About this exercise: Look for "Дифференциальный автомат АД-32" in the records below, then copy that line and every line after it, exactly and with nothing added.

Available records:

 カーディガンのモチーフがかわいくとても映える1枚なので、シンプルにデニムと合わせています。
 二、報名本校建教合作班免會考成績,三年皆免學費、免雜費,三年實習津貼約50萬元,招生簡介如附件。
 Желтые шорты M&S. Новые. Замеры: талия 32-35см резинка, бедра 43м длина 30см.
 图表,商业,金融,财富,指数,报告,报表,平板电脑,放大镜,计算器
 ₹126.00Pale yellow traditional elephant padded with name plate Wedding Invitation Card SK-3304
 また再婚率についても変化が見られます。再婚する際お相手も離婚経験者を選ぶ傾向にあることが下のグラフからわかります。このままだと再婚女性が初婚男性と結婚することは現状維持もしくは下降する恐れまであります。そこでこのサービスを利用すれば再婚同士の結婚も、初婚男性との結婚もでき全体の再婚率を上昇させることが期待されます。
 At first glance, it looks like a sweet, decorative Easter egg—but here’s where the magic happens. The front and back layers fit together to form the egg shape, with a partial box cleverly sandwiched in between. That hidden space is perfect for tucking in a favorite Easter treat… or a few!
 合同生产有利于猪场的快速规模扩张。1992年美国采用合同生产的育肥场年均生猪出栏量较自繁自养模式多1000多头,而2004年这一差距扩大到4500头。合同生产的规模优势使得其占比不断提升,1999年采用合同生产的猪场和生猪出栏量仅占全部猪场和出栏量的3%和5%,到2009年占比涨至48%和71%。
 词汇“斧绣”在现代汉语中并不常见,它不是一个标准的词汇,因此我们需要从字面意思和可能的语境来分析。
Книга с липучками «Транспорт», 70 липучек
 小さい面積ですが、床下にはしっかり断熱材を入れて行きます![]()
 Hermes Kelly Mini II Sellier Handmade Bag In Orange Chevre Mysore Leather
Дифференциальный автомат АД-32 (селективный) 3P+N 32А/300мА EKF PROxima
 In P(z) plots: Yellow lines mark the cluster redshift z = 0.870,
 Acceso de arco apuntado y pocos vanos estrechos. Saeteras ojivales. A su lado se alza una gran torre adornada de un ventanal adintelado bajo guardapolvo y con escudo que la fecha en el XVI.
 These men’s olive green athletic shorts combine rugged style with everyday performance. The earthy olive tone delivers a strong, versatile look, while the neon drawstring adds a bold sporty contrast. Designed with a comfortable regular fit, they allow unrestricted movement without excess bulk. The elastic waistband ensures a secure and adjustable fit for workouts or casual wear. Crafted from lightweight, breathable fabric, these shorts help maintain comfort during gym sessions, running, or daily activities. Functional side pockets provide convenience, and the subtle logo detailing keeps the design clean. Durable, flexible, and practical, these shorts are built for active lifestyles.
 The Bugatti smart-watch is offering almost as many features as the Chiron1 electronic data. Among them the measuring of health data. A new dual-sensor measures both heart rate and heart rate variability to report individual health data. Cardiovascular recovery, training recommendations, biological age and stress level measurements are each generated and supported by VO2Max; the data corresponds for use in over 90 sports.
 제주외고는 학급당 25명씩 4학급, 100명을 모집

Response to the task:
Дифференциальный автомат АД-32 (селективный) 3P+N 32А/300мА EKF PROxima
 In P(z) plots: Yellow lines mark the cluster redshift z = 0.870,
 Acceso de arco apuntado y pocos vanos estrechos. Saeteras ojivales. A su lado se alza una gran torre adornada de un ventanal adintelado bajo guardapolvo y con escudo que la fecha en el XVI.
 These men’s olive green athletic shorts combine rugged style with everyday performance. The earthy olive tone delivers a strong, versatile look, while the neon drawstring adds a bold sporty contrast. Designed with a comfortable regular fit, they allow unrestricted movement without excess bulk. The elastic waistband ensures a secure and adjustable fit for workouts or casual wear. Crafted from lightweight, breathable fabric, these shorts help maintain comfort during gym sessions, running, or daily activities. Functional side pockets provide convenience, and the subtle logo detailing keeps the design clean. Durable, flexible, and practical, these shorts are built for active lifestyles.
 The Bugatti smart-watch is offering almost as many features as the Chiron1 electronic data. Among them the measuring of health data. A new dual-sensor measures both heart rate and heart rate variability to report individual health data. Cardiovascular recovery, training recommendations, biological age and stress level measurements are each generated and supported by VO2Max; the data corresponds for use in over 90 sports.
 제주외고는 학급당 25명씩 4학급, 100명을 모집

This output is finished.